- _PROVIDED RECORDS_:
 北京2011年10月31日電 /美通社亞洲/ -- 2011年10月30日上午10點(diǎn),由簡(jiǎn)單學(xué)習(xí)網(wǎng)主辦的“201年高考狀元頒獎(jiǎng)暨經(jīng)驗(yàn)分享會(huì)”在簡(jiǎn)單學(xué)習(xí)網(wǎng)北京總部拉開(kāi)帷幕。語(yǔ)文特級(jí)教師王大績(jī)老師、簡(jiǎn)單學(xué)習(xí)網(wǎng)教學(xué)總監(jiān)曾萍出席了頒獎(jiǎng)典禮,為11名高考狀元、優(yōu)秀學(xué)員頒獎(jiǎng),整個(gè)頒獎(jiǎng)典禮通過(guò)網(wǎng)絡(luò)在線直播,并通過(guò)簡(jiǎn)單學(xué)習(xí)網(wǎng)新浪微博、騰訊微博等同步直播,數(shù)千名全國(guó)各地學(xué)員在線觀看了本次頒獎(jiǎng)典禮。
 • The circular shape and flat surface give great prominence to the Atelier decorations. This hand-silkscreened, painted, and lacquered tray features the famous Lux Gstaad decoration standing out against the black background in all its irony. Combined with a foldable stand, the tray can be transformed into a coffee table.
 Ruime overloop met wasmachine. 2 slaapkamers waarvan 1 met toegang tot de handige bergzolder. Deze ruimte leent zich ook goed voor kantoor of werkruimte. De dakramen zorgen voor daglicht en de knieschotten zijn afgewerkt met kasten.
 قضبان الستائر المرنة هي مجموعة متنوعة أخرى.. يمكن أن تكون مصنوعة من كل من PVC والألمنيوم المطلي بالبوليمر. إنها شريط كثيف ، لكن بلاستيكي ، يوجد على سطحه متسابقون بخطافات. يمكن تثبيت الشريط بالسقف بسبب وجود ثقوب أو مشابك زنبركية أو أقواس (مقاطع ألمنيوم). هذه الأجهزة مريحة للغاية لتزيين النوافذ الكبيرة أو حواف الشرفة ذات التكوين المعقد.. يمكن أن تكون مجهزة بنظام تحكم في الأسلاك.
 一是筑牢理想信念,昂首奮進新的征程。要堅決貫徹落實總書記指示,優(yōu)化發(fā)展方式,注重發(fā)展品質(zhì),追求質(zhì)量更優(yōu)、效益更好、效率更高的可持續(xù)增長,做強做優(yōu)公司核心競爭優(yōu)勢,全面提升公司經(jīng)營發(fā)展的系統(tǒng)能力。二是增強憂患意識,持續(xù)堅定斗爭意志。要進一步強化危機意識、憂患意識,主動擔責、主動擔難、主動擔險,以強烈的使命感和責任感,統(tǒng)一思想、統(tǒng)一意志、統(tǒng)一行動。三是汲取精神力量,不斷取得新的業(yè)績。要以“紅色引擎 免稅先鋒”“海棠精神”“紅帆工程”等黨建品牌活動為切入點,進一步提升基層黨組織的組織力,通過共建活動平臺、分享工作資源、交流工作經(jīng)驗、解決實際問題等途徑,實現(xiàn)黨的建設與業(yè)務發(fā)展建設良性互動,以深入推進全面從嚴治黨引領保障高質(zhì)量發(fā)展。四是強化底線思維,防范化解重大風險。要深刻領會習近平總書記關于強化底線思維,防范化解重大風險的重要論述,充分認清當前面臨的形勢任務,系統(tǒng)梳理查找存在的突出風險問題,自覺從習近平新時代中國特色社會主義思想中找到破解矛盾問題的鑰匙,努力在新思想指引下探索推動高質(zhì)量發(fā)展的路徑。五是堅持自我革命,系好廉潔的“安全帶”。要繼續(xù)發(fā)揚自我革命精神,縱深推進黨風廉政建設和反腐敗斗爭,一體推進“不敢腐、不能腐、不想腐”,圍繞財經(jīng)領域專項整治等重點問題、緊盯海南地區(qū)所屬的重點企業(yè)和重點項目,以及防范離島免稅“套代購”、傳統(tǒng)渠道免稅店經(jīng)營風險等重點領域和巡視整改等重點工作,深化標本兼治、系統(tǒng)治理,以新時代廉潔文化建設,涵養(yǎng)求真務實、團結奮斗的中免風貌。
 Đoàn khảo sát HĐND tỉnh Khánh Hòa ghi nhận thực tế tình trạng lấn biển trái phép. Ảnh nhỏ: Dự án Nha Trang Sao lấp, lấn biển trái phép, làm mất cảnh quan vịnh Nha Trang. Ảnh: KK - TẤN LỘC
* * *
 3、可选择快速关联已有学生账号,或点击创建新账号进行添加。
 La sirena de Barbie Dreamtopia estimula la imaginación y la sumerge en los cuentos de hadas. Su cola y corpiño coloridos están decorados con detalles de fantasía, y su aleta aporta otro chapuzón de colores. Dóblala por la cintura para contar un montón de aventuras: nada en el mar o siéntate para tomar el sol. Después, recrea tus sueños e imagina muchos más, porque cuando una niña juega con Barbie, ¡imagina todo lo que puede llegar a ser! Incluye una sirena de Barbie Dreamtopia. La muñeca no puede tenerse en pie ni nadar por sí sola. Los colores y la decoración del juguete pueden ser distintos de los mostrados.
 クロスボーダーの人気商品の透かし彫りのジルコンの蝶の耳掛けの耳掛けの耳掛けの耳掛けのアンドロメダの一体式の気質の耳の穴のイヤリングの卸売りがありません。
...
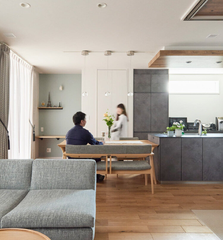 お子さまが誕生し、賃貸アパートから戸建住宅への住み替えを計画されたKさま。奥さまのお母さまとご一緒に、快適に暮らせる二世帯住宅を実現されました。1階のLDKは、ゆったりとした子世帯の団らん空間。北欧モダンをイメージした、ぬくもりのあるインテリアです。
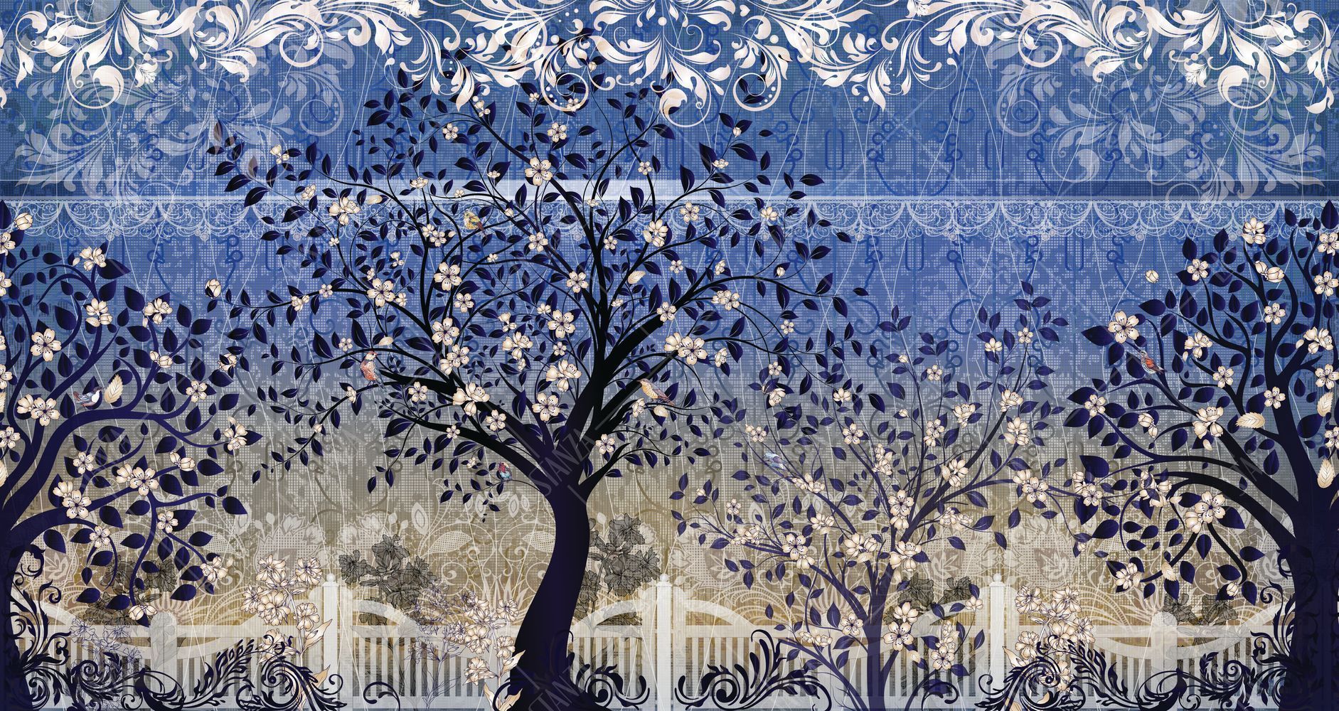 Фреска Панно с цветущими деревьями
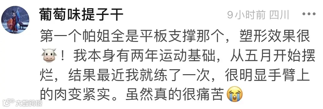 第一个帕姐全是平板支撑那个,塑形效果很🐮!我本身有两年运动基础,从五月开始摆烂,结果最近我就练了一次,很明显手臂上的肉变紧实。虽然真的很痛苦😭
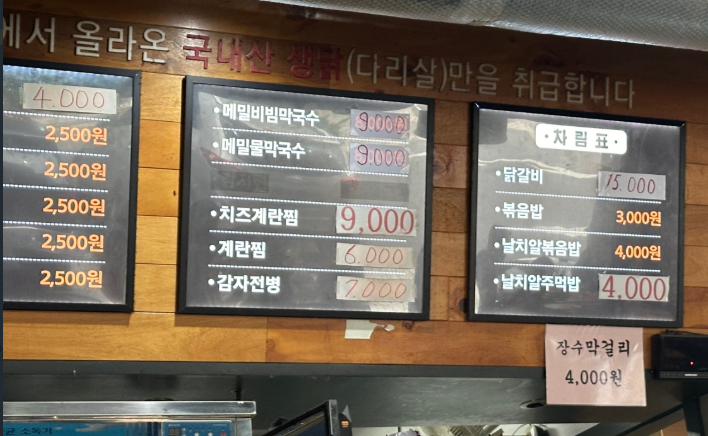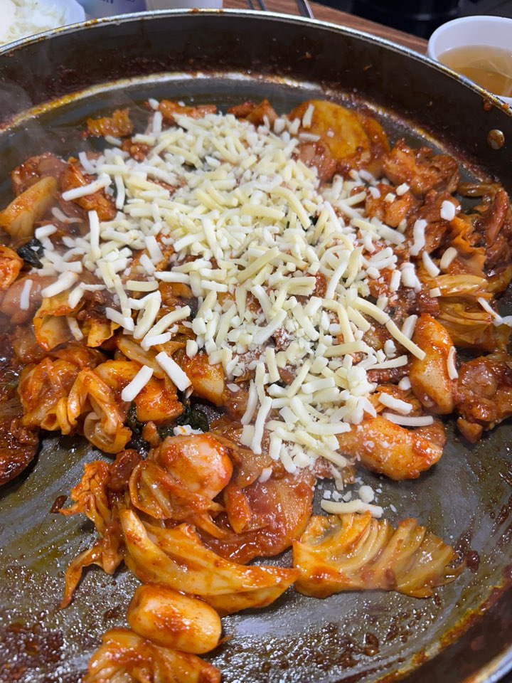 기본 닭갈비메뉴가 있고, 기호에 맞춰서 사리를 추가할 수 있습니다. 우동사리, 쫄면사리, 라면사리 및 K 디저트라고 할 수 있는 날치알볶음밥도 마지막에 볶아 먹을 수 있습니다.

- _WHAT TO PRODUCE_: Give back, exactly as written, the stretch from the line with "a coffee table." through the line with "Ruime overloop met", and no other lines from the records above.

- _THE COMPLETED TASK_:
 • The circular shape and flat surface give great prominence to the Atelier decorations. This hand-silkscreened, painted, and lacquered tray features the famous Lux Gstaad decoration standing out against the black background in all its irony. Combined with a foldable stand, the tray can be transformed into a coffee table.
 Ruime overloop met wasmachine. 2 slaapkamers waarvan 1 met toegang tot de handige bergzolder. Deze ruimte leent zich ook goed voor kantoor of werkruimte. De dakramen zorgen voor daglicht en de knieschotten zijn afgewerkt met kasten.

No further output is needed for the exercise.